If you do have resistance mutations then it's time to switch.
When you say these infiltrations are "lymphatic" do you mean biopsy shows they consist of lymphocytes? Or is the diagnosis "lymphoid infiltrates"? The 2 are somewhat different. If your organ (skin) is being infiltrated with *lymphocytes* you probably need to treat this uncommon infiltration CLL can do to various organs. Since you are already on a drug for CLL, you likely need to switch.
Even if the skin problems aren't considered "CLL", you may want to consider just switching. I had awful GI and skin problems on ibrutinib, even though bloodwork and lymph nodes were "responding beautifully." But I was miserable.
You can always stop the new treatment. I wonder if part of the problem between the two docs, is the dermatologist knowing rituximab can be used to control certain skin problems, while the hematologist knows rituximab can cause some. Please push your hematologist to at least give it a try! It's awful to try to live with constant severe skin problems IMO.

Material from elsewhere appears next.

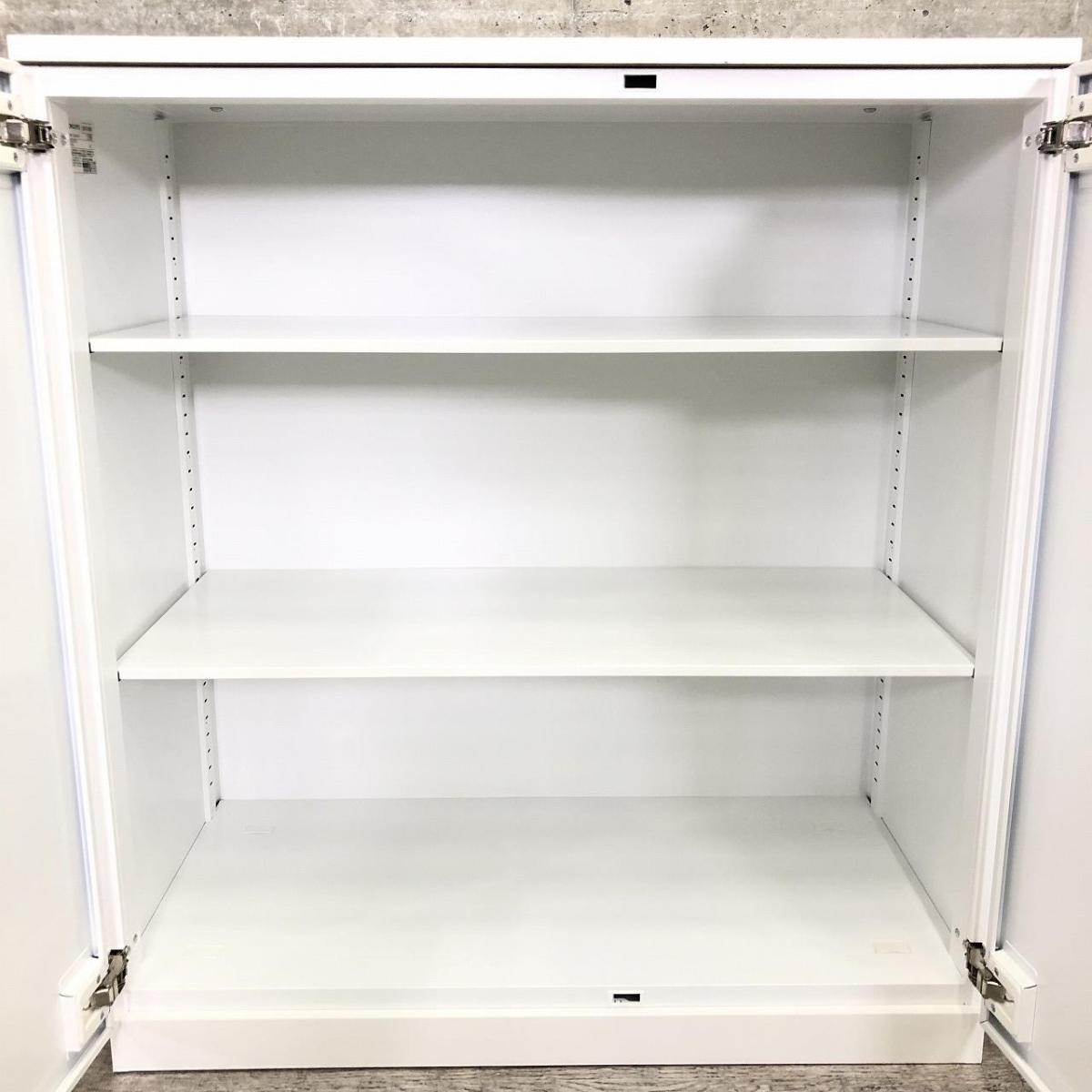 【収納物がひとめで分かる両開き戸タイプ!】■コクヨ(KOKUYO)製 エディア(EDIA)シリーズ 両開き書庫 ローキャビネット H1130㎜ ■天板・ベース付 ■ホワイト ■シリンダー錠【IB】

I think you are right on the battle with my consultants . More the heamatolgist who keeps saying it's strange that although my bloods are now very high the wrong way CT shows no enlarged bulky desiese. My derm has been very vocal in calling for treatment for some time now saying it's very clear in her opinion what the causes are ie CLL involvement in all of the 8 biopsies I have had in the last 18 months.Thanks
Praying for a quick and the best treatment ever for you
Hi cartwheels,
This discussion and my reply today may be useful for your consideration:
healthunlocked.com/cllsuppo...
Len
Hi, I had skin issues on my face that made me look pretty horrid. Thick bumpy eyebrows and ears, huge nose and red rash on my face. Venetoclax and Rituxan cleared it and I have been in remission for 5 years.
what sort of 6 booster injections?
good luck! You’ve had a rotten time. Some very interesting responses x
I wish I had the knowledge to assist with your dilemma. After I got two Covid boosters I got enlarged lymph nodes leading me to diagnosis of Sll/Cll. After none biopsy and pet scan it was changed to CLL. I was prescribed Brukinsa mainly because I’m anemic. Last scan stent show lymph nodes. Since on the med I have dark spots and red blustery looking spots on my body. Dermatology said it’s benign. The spots are horrible and concerning. I have a few on my face and dermatology says it’s aging. I was hoping she’d give me an ointment to put on the spots but she didn’t. I found a urea cream and have been applying that. It seems to reduce appearance of the spots. You’re losing weight which is Leon’s my alarming and because of that I tend to think that maybe you need treatment. There’s a lot of target therapy meds available for CLL and they seem to have good results. Perhaps you will approach that subject with your oncologist. Hope someone with more knowledge will give you some input. Best to you.
Thanks actually just had my dermatologist phone me up to tell me she will present my pictures and results of all my biopsies which clearly show CLL involvement to the MDT meeting in November. I informed her that actually my heamatolgist asked me yesterday would I like to start new treatment and he has moved my appointment next week from out patients to the cancer ward at the hospital. She had asked me to send her details of what happens.
I'm sorry you have to deal with all the skin issues along with the CLL & doctor challenges. I sympathize.
I'm not qualified to comment on treatment options or what route is best for you. I have recently come to realize that when your case is 'complicated' and reactions or symptoms are 'outside the norm' especially when it involves doctors from different specialties, getting a consensus and having treatment options laid out is more than challenging. They hold off, & delay while using more standard medications and testing, testing & more testing.
It appears in cases like this, doctors have an aversion to saying honestly: We don't know & can't accurately predict outcomes but here's option A or B ... makes me want to bang their heads together!
My view is that QoL matters. I hope the responses others' have provided mean you can decide which option seems best for you & tell the doctors.
Good luck 🤞
I had terrible skin issues with my CLL until I was treated with acalabrutinib. All clear now.